妊婦や腎機能障害のある方、高齢者では、E型肝炎の治療におけるリスクが高まることがあり、特別な配慮や代替治療法の検討が必要になる場合があります。

妊婦の場合、リバビリンには催奇形性があるため使用できず、厳重な経過観察と対症療法が中心です。

腎機能障害のある方では、薬物の排泄が遅延し、副作用が強く現れる可能性があるため、薬物動態を考慮した用量調節や代替薬の選択が検討されます。

患者群主なリスク
妊婦催奇形性
腎機能障害薬物排泄遅延

合併症のリスク

E型肝炎の経過中に、合併症が生じるリスクがあり、早期発見と対応が治療成功の鍵です。

急性肝不全は最も重篤な合併症の一つで、集中的な治療が必要となり、場合によっては肝移植も考慮されることがあります。
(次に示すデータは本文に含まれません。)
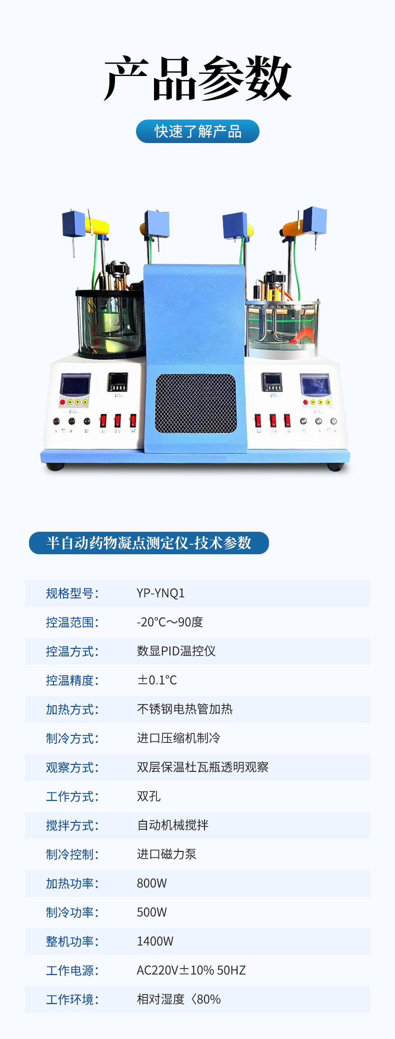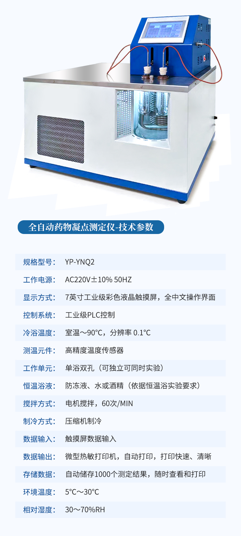 本儀器按《中華人民共和國藥典》2020年版四部 通則 0613凝點測定法要求設計制造,用于檢測化學試劑及藥物等凝固點。本儀器采用了模塊化設計,檢測部分采用了先進的傳感器,主控部分采用工業級PLC系統,控制性能穩定,制冷采用高性能壓縮機,具有降溫速度快,使用壽命長等優點。本儀器采用工業控制屏操作,樣品裝好后,一鍵開啟,自動往返式機械攪拌、自動顯示溫度曲線、自動判斷凝固點、自動打印測試數據。本儀器配有加熱和制冷,介質浴溫控范圍廣。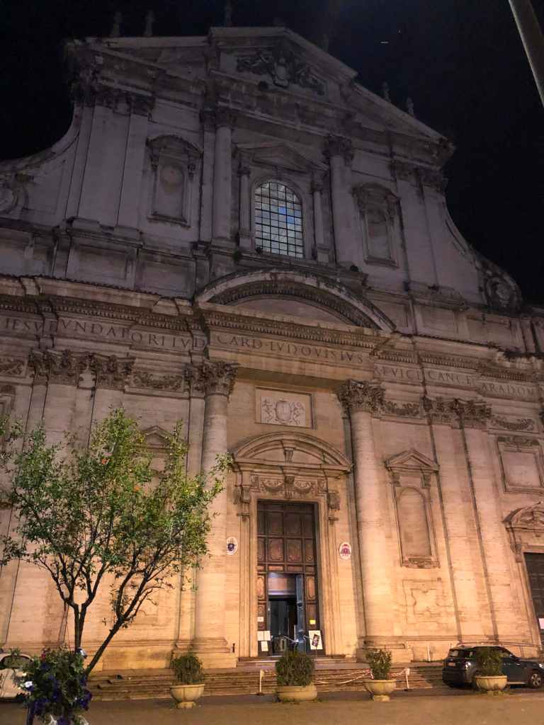 Florence, Ken Clark wrote in Civilisation, is a city of ‘hard heads, sharp wits, light feet, graceful movement’. Rome, meanwhile, is ‘a city of weight, a city that is like a huge compost-heap of human hopes and ambitions, despoiled of its ornament, almost indecipherable, a wilderness of imperial splendour’. To move from the former to the latter is to abandon the place of ‘free and active men’ and arrive in ‘a world of giants and heroes’. In antiquity, these giants and heroes were Apollo, Minerva, Jupiter and Venus. From the end of antiquity until the twentieth century, these luminaries were supplanted by martyrs and saints, with homes in the forms of basilicas erected in their name. One honorific church, Sant’Ignazio, is one of those enormous baroque churches in which Rome specialises, its façade larger than the piazza over which it towers. At midnight on our final night before we ventured south, we found the doors open and, in that tentative, self-conscious air that one always adopts in a church, wandered in.

また、神経症状や血液異常などの肝外症状が現れることもあり、注意が必要です。

治療費について

治療費についての留意点

実際の治療費(医療費)が以下説明より高額になるケースが多々ございます。以下記載内容について当院では一切の責任を負いかねます事を予めご了承下さい。

外来治療の費用

E型肝炎の軽症例では、外来での治療が一般的です。

主な費用項目には、血液検査、画像診断、投薬などが含まれます。

項目概算費用
肝機能検査3,000円~5,000円
HEV抗体検査5,000円~8,000円
腹部CT検査15,000円~20,000円
投薬(1週間分)5,000円~10,000円

外来治療の総額は、1回あたり2万5千円から4万円程度となることが多いです。

入院治療の費用

重症例や合併症がある場合は入院治療が必要となります。

入院期間は通常2週間から1ヶ月程度です。

項目概算費用(1日あたり)
入院基本料10,000円~30,000円
検査・処置15,000円~35,000円
食事療養費2,000円~2,500円

これらの費用に加え、薬剤料や画像診断料が発生します。